More broadly, do all the distance metrics in the diversity plugin (as well as the UniFrac methods) represent dissimilarity (where a higher value indicates less similarity between samples)?
Hi @kam ,
I'm not certain, so hopefully an admin can confirm, but I believe the current way non-phylogenetic beta diversity distances are calculated is using the sklearn.metrics.pairwise_distances Scikit Learn library. For example, the q2-diversity function that runs to create a distance matrix using the Jaccard method has an argument for pairwise func = sklearn.metrics.pairwise:
If I'm interpreting the sklearn function correctly, I believe your interpretation is correct: higher individual values indicate higher distances - and therefore dissimilraities - between groups.

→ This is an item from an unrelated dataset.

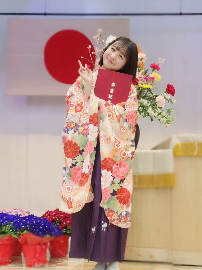 壇上に立ち、腕の中でえんじ色の「卒業証書」を抱えながら晴れやかな袴姿を披露。

I believe that the same Jaccard call would be used across the QIIME2 platform, but I do not know that it is necessarily true that all non-phylogenetic distance metrics are obtained from Scikit Learn (and perhaps, I don't know if that would even be a realistic expectation, should additional distance measures be created outside of the Scikit Learn library). What I can tell you is that I'd keep looking for any beta diversity calculation within the q2-diversity-lib QIIME2 repository within the beta.py script, at least as a start.